A team of researchers led by the University of California San Diego has achieved a significant breakthrough in training four-legged robots to enhance their 3D vision. This advancement has enabled a robot to navigate challenging terrains effortlessly, including stairs, rocky surfaces, and paths with gaps, while effectively overcoming obstacles.
The researchers will be showcasing their work at the upcoming 2023 Conference on Computer Vision and Pattern Recognition (CVPR) in Vancouver, Canada, scheduled from June 18 to 22.
According to Xiaolong Wang, the senior author of the study and a professor of electrical and computer engineering at UC San Diego Jacobs School of Engineering, this new model equips the robot with a better understanding of its surroundings in 3D. Consequently, it becomes capable of operating in more complex real-world environments.
The robot is equipped with a forward-facing depth camera positioned on its head, which is angled to provide a comprehensive view of both the scene ahead and the terrain beneath it.

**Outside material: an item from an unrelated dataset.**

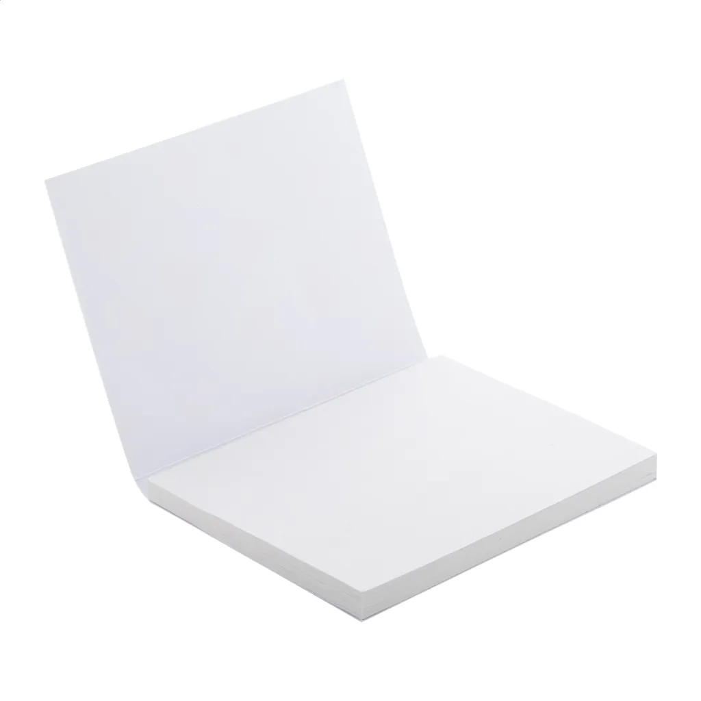 Personalizirane ljepljive bilješke presvučena papirom. Uključuju 50 listova ljepljivih bilješki od recikliranog papira (100×75 mm). U cijenu uključen full color tisak preko vanjskog pokrova. Minimalna narudžba: 100 kom.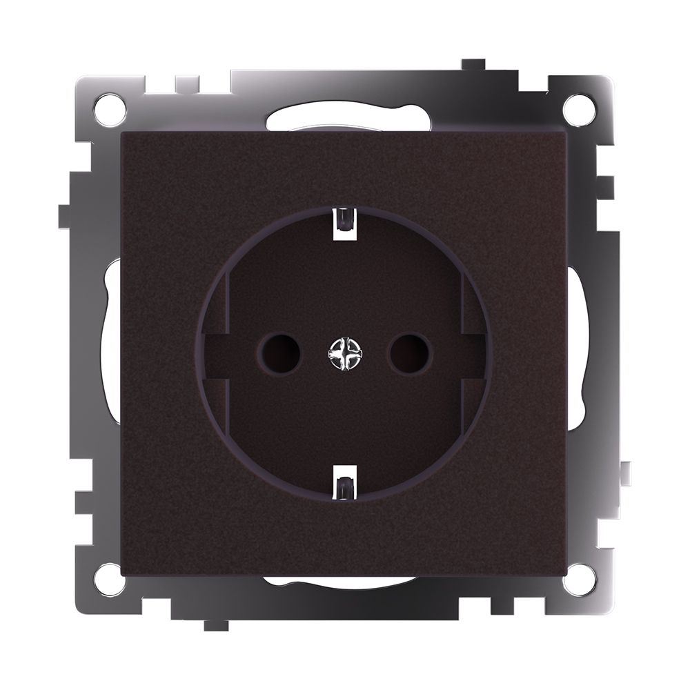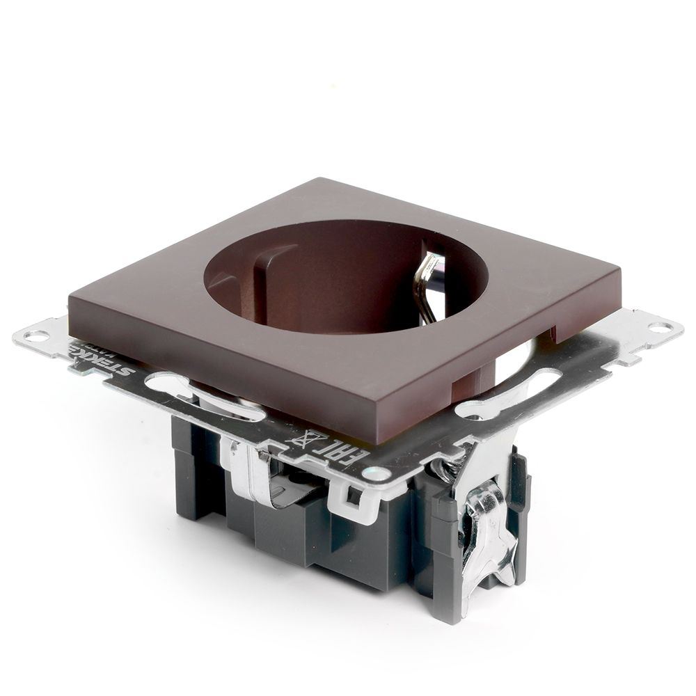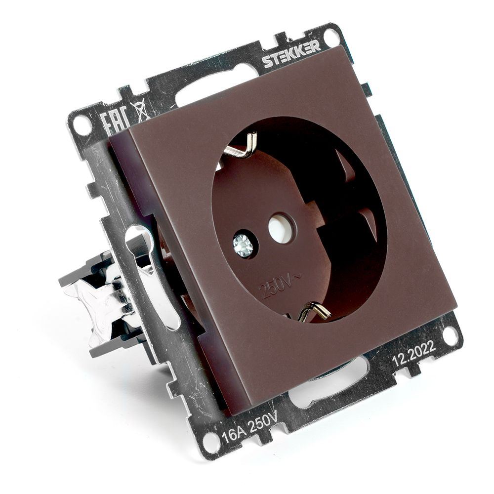 Розетка STEKKER GLS16-7110-04 на 1 гнездо, с заземлением. Материал: поликарбонат, латунь, цвет шоколад, размер 72*72*43мм. Номинальное напряжение 250, номинальный ток 16А, диапазон рабочих температур 0..+35°C, IP20

To enhance the robot’s 3D perception, the researchers developed a model that translates 2D images captured by the camera into 3D space. This is accomplished by analyzing a short video sequence comprising the current frame and a few previous frames. The model extracts relevant 3D information from each 2D frame, including details about the robot’s leg movements such as joint angles, joint velocities, and distance from the ground. By comparing this information between the previous frames and the current frame, the model estimates the 3D transformation between the past and the present.
By leveraging these techniques, the researchers have significantly improved the robot’s ability to perceive and understand its environment in 3D, allowing it to autonomously traverse challenging landscapes while effectively navigating obstacles along the way.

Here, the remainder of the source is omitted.